Pour parler du cas particulier de notre pays , la France figure parmi les pays les plus concernés en Europe puisque, outre les 120 à 150 000 TS chaque année , il y a 12 000 suicides effectifs, ce qui représente plus du quart des suicides de l’Europe, ce qui nous place hélas, au 4° rang … Et encore il faut sans doute augmenter de 25% les chiffres des registres en les trouvant dans les morts répertoriées comme de causes inconnues ou « violentes » . Les taux sont très variables selon les régions françaises. 2 En 1970, la part des suicides n’était que de 4,6% . On est maintenant à 9,6 % … L’importance de la mortalité prématurée a donc plus que doublé en 25 ans ... Certes cette augmentation est d’abord due à la diminution des autres causes de mortalité chez les moins de 50 ans , mais malheureusement au delà du poids relatif dans l’ensemble , elle est aussi liée à l’augmentation du nombre de suicides chez les jeunes . Ce sujet est d’ailleurs retenu comme l’une de nos dix priorités de santé , et 12 régions ont engagé des programmes régionaux sur ce thème . La France , qui au second semestre de l’année 2000 a la présidence de l’Union Européenne, s’engage particulièrement activement sur ce thème qui s’intègre bien dans le projet de l’OMS qui a déclaré 2001 « année de la santé mentale » .

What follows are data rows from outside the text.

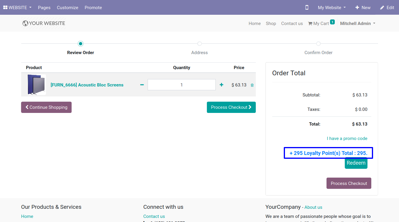 Website Loyalty and Rewards Redeem odoo apps is used to give website loyalty redemption points for every purchase to your customers from webshop /ecommerce. Customer can also redeem this loyalty points for other purchase from the Website/webshop sale. Every single Sales from the E-commerce -webshop records the Loyalty Rewards based on configuration setup on point of sale backend and those rewards will be redeemed on website order from website touch screen order easily. Reward redeems visible on applied website online sales order so it will be helpful for see history of the reward point redemption.
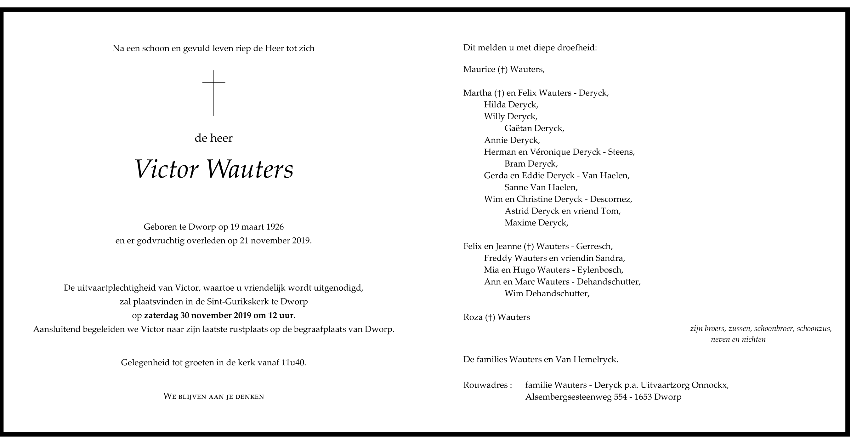 Décédé à Dworp (1653) le jeudi 21 novembre 2019 à l'âge de 93 ans
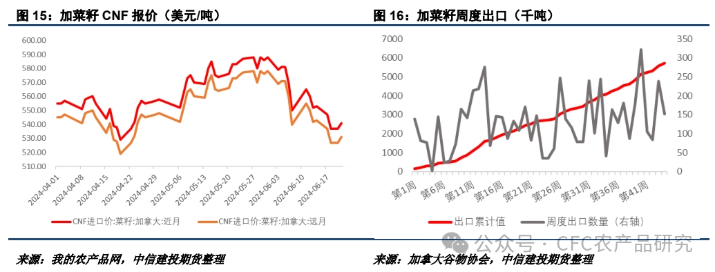本周加菜籽CNF報價維持震蕩,國內(nèi)買船積極性暫時下降,目前6-10月份菜籽買船基本充足。加菜籽累計出口數(shù)量已超過570萬噸,預(yù)計能夠完成600萬噸的出口目標,但整體結(jié)轉(zhuǎn)庫存增加趨勢已經(jīng)在所難免。

Cette conférence, organisée sous l’égide de la Présidence française de l’Union Européenne, visait les jeunes en Europe de 15 à 35 ans : pour eux , la mortalité par suicide est supérieure à la mortalité sur route...

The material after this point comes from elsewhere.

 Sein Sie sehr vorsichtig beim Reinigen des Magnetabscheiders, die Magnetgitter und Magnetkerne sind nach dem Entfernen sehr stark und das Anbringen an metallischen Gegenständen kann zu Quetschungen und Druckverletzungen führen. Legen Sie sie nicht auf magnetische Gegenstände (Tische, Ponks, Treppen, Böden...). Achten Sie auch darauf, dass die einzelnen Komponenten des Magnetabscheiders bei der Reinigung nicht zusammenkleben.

Pour parler des jeunes en France, en 1997, chez les 15-24 ans, les accidents de la route mortels se montaient à 2 000, et les suicides à 771 : c’était donc chez eux la 2° cause de mortalité (= 15% des mrts) , mais la première chez les 25-34 ans . Trois jeunes de 15 à 24 ans meurent chaque jour. Le taux de suicides a triplé , depuis les années soixante-dix, parmi les moins de 24 ans . Si en moyenne en France, on trouve un suicide pour dix TS, cette moyenne résulte d’un suicide pour 4 TS chez les personnes âgées , très désireuses d’en finir , mais de un suicide pour 30 à 40 TS ou plus chez les jeunes qui en fait lancent ainsi des appels à l’aide … 40 000 TS chez les 15-24 ans . On estime que 10 % de cette classe d’âge y pensent . Ces TS sont à 80 % du sexe féminin . .

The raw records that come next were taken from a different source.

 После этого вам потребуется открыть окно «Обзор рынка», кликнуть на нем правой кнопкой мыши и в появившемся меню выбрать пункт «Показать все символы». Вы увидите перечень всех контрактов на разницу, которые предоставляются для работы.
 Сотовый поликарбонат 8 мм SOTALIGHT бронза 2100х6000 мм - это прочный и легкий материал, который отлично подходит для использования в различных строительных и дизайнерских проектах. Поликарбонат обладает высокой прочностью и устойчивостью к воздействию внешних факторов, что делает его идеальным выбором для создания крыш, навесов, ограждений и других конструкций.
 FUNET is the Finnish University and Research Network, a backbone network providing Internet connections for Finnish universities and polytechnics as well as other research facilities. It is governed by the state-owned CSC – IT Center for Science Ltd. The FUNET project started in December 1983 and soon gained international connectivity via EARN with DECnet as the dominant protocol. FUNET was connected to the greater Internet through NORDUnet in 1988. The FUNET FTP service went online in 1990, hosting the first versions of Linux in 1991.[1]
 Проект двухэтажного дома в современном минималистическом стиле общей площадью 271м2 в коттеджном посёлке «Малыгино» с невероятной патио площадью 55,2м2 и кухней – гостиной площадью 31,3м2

Le congrès de Nantes ne se bornait pas à essayer des constats, mais avait donc pour thème « la prévention du suicide » chez les jeunes Européens , c’était presque un but , et ceci par des moyens précis : -Favoriser le dialogue rapproché qui permettait des comparaisons entre les situations épidémiologiques, les facteurs de risque identifiés, les analyses -Partager les expériences acquises dans le domaine de la formation et de la communication -Promouvoir l’émergence de politiques régionales de santé -Dégager des orientations communes pour les pays présents. -Faire des évaluations ou les mettre au point - Réfléchir à l’évolution et à la prospective
Les intervenants se sont succédé sans pouvoir se répondre, sauf lors de tables rondes. Aussi, après avoir moi-même rapproché les éléments ou les problèmes, je vous présente ici une synthèse de leurs interventions .
B Comprendre les causes afin de faire de la prévention :
Immensité du champ causal : -Tous sont d’accord pour dire que la santé mentale fait partie intégrante de la Santé . - Le suicide en général et chez les jeunes est une question qui relève du général, (pauvreté, exclusion, valeurs promues dans la société … ), mais aussi du vécu individuel de ce « général » , ou d’un accident strictement personnel : problèmes familiaux, scolaires , professionnels, stress, problèmes d’ordre , de discipline, conflits interpersonnels , pertes affectives , toxicomanie , marginalisation, pertes des repères , incapacité de faire face aux frustrations nécessaires ou subies, chagrins d’amour, injustice ressentie etc. Prévenir le suicide, vaste tâche … Difficultés pour étudier les causes : - on a des problèmes de nombre statistiquement : il faudrait 145 000 suicides pour démontrer une chute significative objective de 15% . - ce qui entraîne aussi un problème de coût pour les études. - et de durée : - pour 500 garçons, on a un suicide tous les dix ans de durée … - un suicide par cabinet médical tous les 4 ans … - Il n’y a pas encore de systèmes efficaces et unifiés pour obtenir de « bons » fichiers … d’où des approximations et des sous-évaluations3, et la difficulté à comparer dans l’espace et dans le temps . D’où les difficultés pour évaluer aussi les résultats de la prévention . Au congrès , impression de désordre, de dispersion, voire de contradictions. Le parent pauvre est l’évaluation . C’est le premier congrès européen sur ce thème …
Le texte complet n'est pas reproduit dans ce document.